From May to July, businesses sought to fill 953,000 vacancies, up 44 percent from three months earlier and well above prepandemic levels, according to data from the Office for National Statistics published on Tuesday.

Vacancies were highest for health care workers, followed by positions in the wholesale and retail industry and the accommodation and food services industry, such as hotels and restaurants, the statistics office said. In recent months, many businesses in these industries have reported staff shortages and in the case of hospitality, some are restricting their opening hours to ease the burden on existing staff members even as consumer demand is high. Some businesses are raising pay to lure new employees as the pool of people out of work shrinks.

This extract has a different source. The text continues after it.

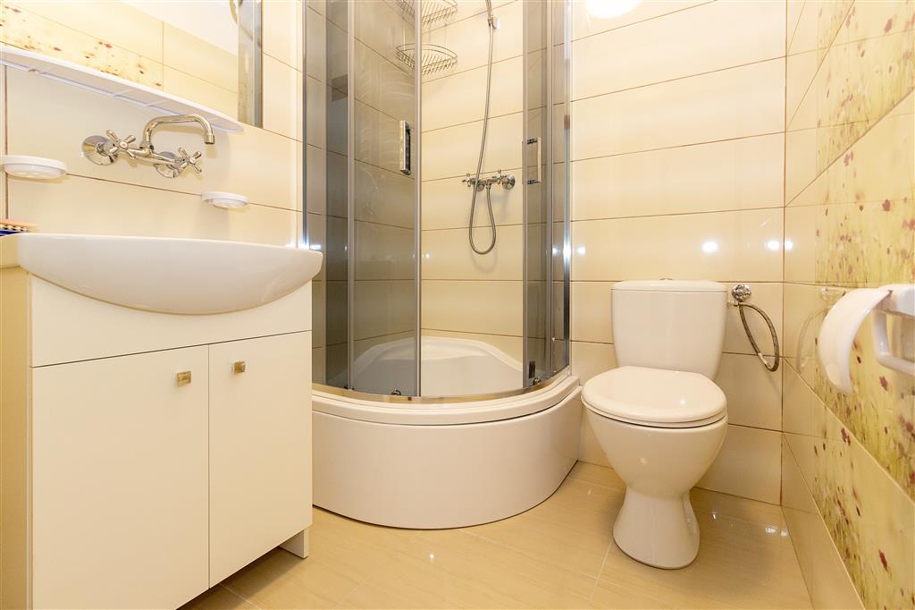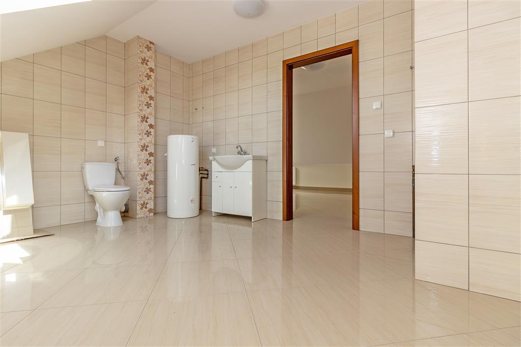 Budynek dwukondygnacyjny z 2019r. o łącznej powierzchni 240 m2. Na parterze znajduje się przestronny hall, który prowadzi do 3 apartamentów oraz pokoju z aneksem kuchennym i łazienką oraz kotłownia - pomieszczenie gospodarcze, którym znajduje się kocioł gazowy wraz z zasobnikiem na wodę. Na poddaszu znajduje się duża, otwarta przestrzeń umożliwiająca zaaranżowanie na mieszkanie, miejsce wypoczynkowe, biuro, itp. oraz łazienka. Budynek ogrzewany jest za pomocą kotła gazowego dwufunkcyjnego, co czyni go obiektem całorocznym. Dodatkowo w hallu znajduje się kominek, który posiada nadmuch ciepłego powietrza na część pomieszczeń.
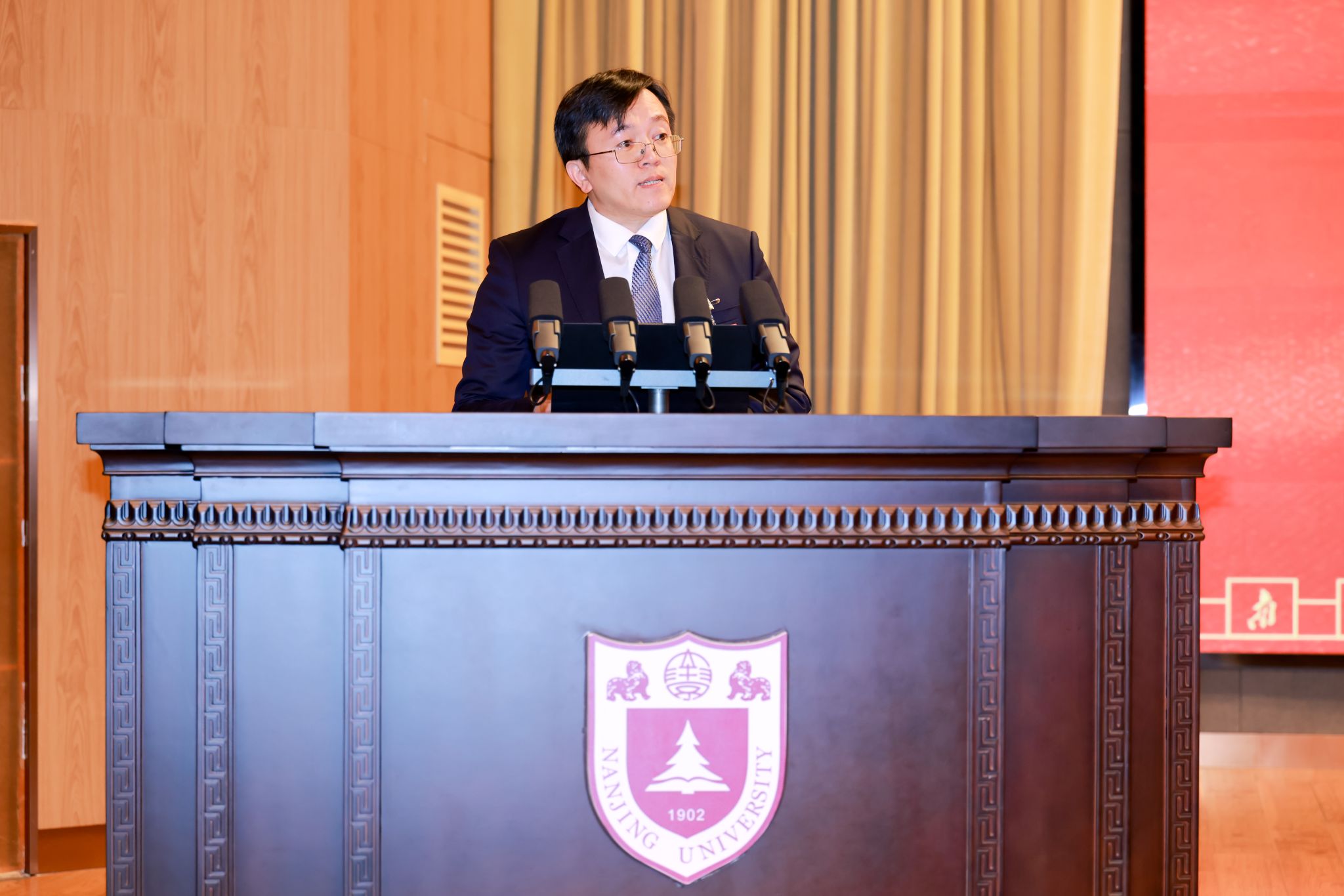 江苏省委教育工委副书记(正厅级)许峰指出,南京大学始终坚持扎根江苏、服务全国、面向世界,为江苏经济社会发展、为强国建设和民族复兴伟业作出了重大贡献。江苏省委省政府始终高度重视、全力支持南京大学的建设与发展,将南大视为江苏高等教育的排头兵、科技创新的策源地。过去五年,全体南大人坚守为党育人、为国育才的初心使命,聚焦立德树人根本任务,锐意改革创新,奋力攻坚克难,推动各项事业迈上了新台阶,实现了新跨越。许峰表示,希望南京大学在筑牢育人根本上达到新高度,在服务发展融合上实现新突破,在完善治理体系上激发新活力。江苏省教育厅将继续在政策引导、资源对接、环境营造等方面予以全力支持,积极推动部省共建走深走实,为学校心无旁骛攀高峰,扎根江苏作贡献创造最有利的条件。

Pay excluding bonuses jumped 7.4 percent in the second quarter from the year before. But even once certain quirks from the pandemic are stripped away — such as the effect of fewer low-paid employees in the work force a year ago, when much of the economy was in lockdown — the increase in pay was 3.5 percent to 4.9 percent, the statistics office estimated. It’s much higher than the average annual increase of the previous decade, which was about 2 percent.

“Rising wage pressures fit with the broader story of rising inflation across the economy,” Kallum Pickering, an economist at Berenberg, wrote in a note. This strengthens the case for the Bank of England to raise interest rates next year, he added.

Overall, the British labor market is recovering strongly from the pandemic. The number of people on payrolls rose by 182,000 in July, up 0.6 percent from June. Compared with February 2020, the number of payrolled employees is down by 201,000. At its worst, in November, there were nearly 969,000 fewer employees than before the pandemic.

In the second quarter, the unemployment rate slipped to 4.7 percent from 4.9 percent in the previous quarter. There was a record flow of about 300,000 people from unemployment into employment. There was also a decrease in the economic inactivity rate, as more people were classified as unemployed because they have resumed hunting for a job.

By the end of the second quarter, about two million people were still on furlough in Britain, but that program will end next month. Even as vacancies remain high, policymakers and economists are watching closely to see if there will be a notable rise in the unemployment rate after the furlough program ends or if those workers are able to find jobs.

The Bank of England is not forecasting another increase in the unemployment rate this year and but expects it to be about 4.25 percent in 2023. It was at 3.8 percent before the pandemic.

“The challenge of avoiding a steep rise in unemployment has been replaced by that of ensuring a flow of labor into jobs,” Andrew Bailey, the governor of the central bank, said earlier this month. “This is a crucial challenge.”